- _Problem_:
Return every record below exactly as written, but leave out the pictures.

- _Data for this exercise_:
--

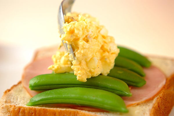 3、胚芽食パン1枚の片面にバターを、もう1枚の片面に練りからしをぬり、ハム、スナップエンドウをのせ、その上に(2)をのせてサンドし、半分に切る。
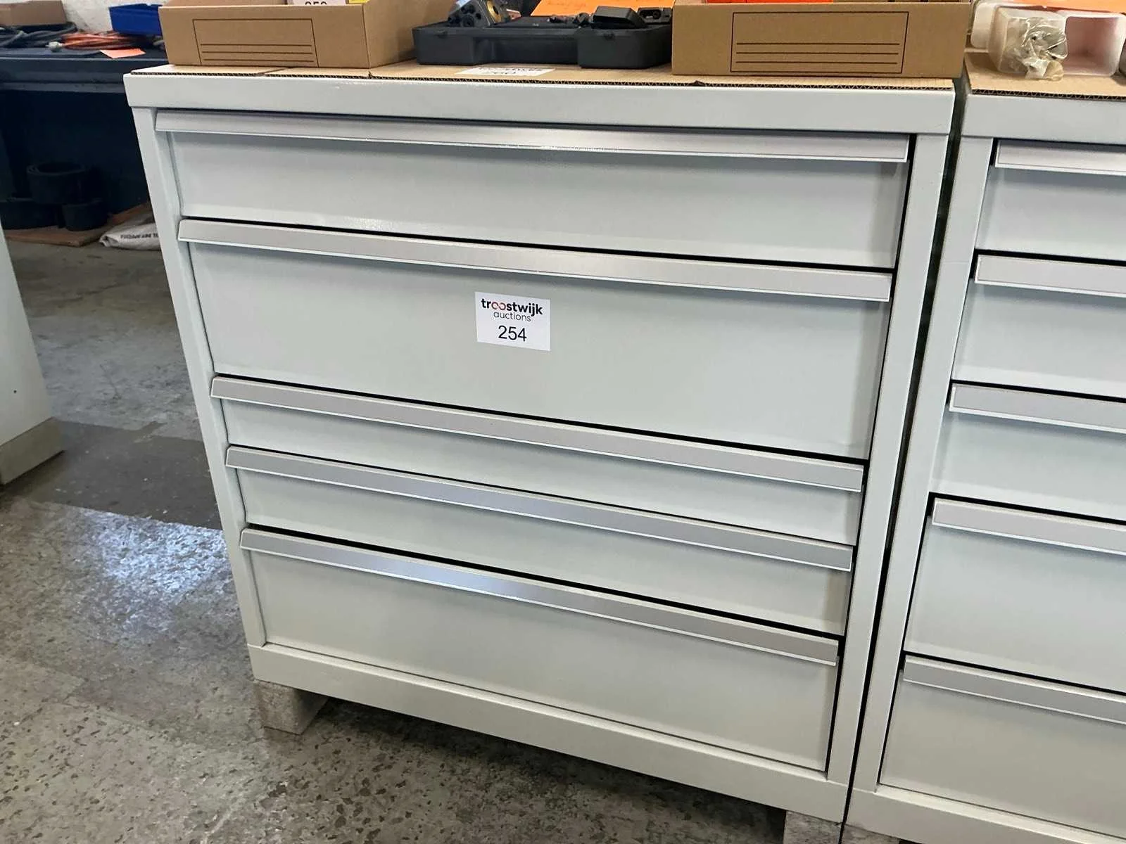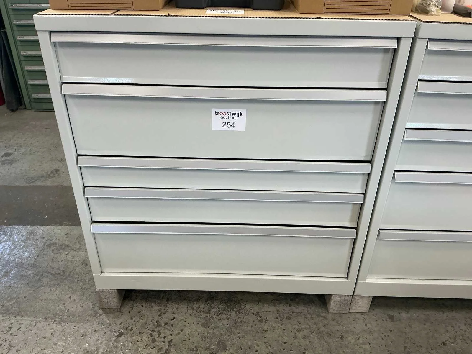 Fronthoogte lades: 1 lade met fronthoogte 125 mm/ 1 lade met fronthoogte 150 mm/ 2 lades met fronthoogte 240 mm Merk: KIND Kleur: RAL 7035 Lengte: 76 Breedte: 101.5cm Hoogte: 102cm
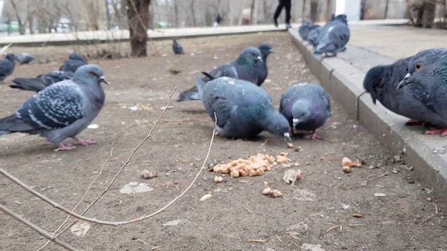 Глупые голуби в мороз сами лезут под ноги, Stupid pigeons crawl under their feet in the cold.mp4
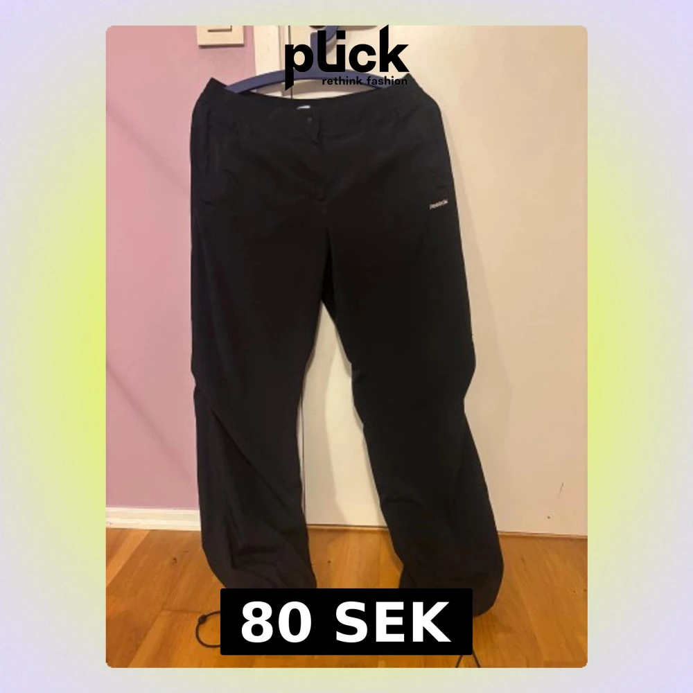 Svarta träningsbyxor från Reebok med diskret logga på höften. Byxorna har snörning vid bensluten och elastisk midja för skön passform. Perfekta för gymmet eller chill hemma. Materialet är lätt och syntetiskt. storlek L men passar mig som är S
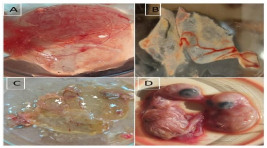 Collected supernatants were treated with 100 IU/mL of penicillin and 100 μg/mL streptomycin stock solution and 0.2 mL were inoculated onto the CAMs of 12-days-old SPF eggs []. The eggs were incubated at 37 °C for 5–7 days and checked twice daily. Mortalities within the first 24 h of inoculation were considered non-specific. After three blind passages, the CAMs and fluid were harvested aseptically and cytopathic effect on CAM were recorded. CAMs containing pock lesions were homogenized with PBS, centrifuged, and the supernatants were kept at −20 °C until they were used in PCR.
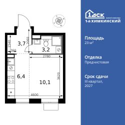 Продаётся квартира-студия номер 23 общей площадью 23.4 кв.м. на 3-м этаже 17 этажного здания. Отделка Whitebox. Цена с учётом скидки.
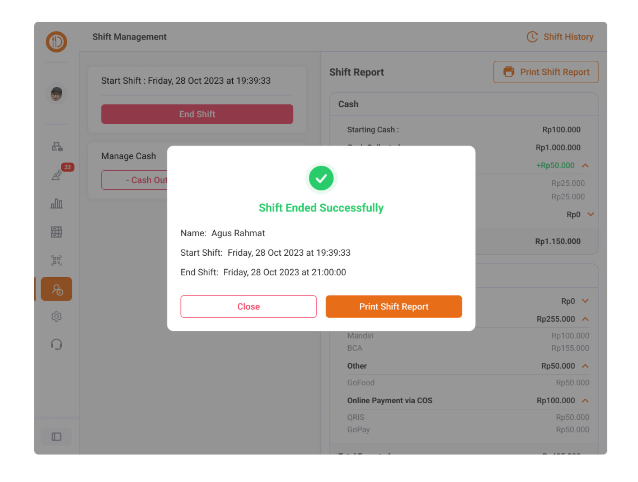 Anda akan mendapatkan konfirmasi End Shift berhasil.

--

- _Solution below_:
 3、胚芽食パン1枚の片面にバターを、もう1枚の片面に練りからしをぬり、ハム、スナップエンドウをのせ、その上に(2)をのせてサンドし、半分に切る。
 Fronthoogte lades: 1 lade met fronthoogte 125 mm/ 1 lade met fronthoogte 150 mm/ 2 lades met fronthoogte 240 mm Merk: KIND Kleur: RAL 7035 Lengte: 76 Breedte: 101.5cm Hoogte: 102cm
 Глупые голуби в мороз сами лезут под ноги, Stupid pigeons crawl under their feet in the cold.mp4
 Svarta träningsbyxor från Reebok med diskret logga på höften. Byxorna har snörning vid bensluten och elastisk midja för skön passform. Perfekta för gymmet eller chill hemma. Materialet är lätt och syntetiskt. storlek L men passar mig som är S
 Collected supernatants were treated with 100 IU/mL of penicillin and 100 μg/mL streptomycin stock solution and 0.2 mL were inoculated onto the CAMs of 12-days-old SPF eggs []. The eggs were incubated at 37 °C for 5–7 days and checked twice daily. Mortalities within the first 24 h of inoculation were considered non-specific. After three blind passages, the CAMs and fluid were harvested aseptically and cytopathic effect on CAM were recorded. CAMs containing pock lesions were homogenized with PBS, centrifuged, and the supernatants were kept at −20 °C until they were used in PCR.
 Продаётся квартира-студия номер 23 общей площадью 23.4 кв.м. на 3-м этаже 17 этажного здания. Отделка Whitebox. Цена с учётом скидки.
 Anda akan mendapatkan konfirmasi End Shift berhasil.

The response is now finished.